Semaglutide (Ozempic, Wegovy) is the most-studied option in 2026. Tirzepatide (Mounjaro, Zepbound) is mechanistically promising and being studied actively. Liraglutide has older data. For users with established GLP-1 prescriptions, the right answer is the molecule they’re already on — switching molecules specifically for cessation isn’t supported by current evidence.

Can I take Wegovy and Chantix together?

There’s no published evidence of clinically meaningful interaction between semaglutide and varenicline. They work through different mechanisms and could in principle be combined, but the combination isn’t a standard protocol and the evidence base for added cessation benefit over varenicline alone is not established. Discuss with a prescriber before combining.

How long does it take for Ozempic to reduce nicotine cravings?

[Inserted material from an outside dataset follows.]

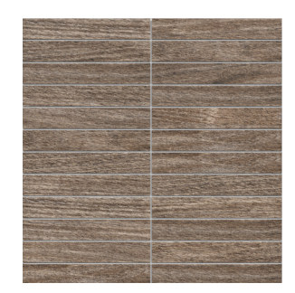
1 x 6 Stacked Mosaics (available in all colors)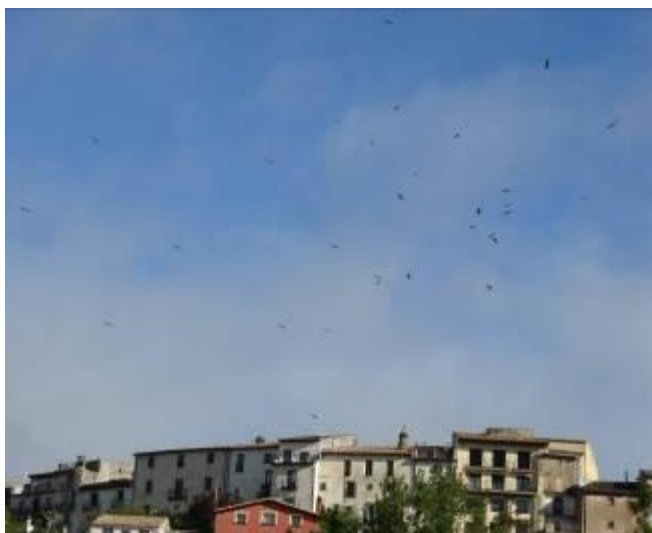
Griffon vultures over Berdún.

After breakfast, with freshly-baked local bread and croissants, we got no further than the car park before the griffons rose up above the village in wave after wave, more than fifty in total, taking advantage of the updraughts from the wind hitting the hill. We drove up to the village for an orientation session, consisting of stops at each of the lookout points, necessarily brief because of the increasingly blustery wind making it very cool despite the welcome sunshine. The views were spectacular: up to the high Pyrenees (although the very high tops were shrouded in cloud), either way along the Canal de Berdún, and south to the Pre-Pyrenees, the Tolkeinesque triangular peak of Oroel rapidly becoming a familiar landmark. Although most of the vultures had moved on (or been blown away) by the time we reached the top, a few remained and were joined by black kites, a pale morph booted eagle and a couple of Egyptian vultures, over the rubbish dump.

Trial data suggests craving effects emerge within 2-4 weeks of starting semaglutide and continue to develop over 8-12 weeks as the dose escalates. The cessation timeline overlaps with the established weight-loss timeline. Don’t expect immediate craving suppression on day 1.

Will insurance cover GLP-1 for quitting vaping?

Almost certainly not in 2026. No GLP-1 is FDA-approved for nicotine cessation, and insurers don’t reimburse for off-label cessation use of these drugs. Coverage exists for diabetes (Ozempic, Mounjaro) and for obesity in many plans (Wegovy, Zepbound) — if the patient meets criteria for one of those primary indications, coverage flows from there and the cessation benefit is a side effect of an already-covered prescription.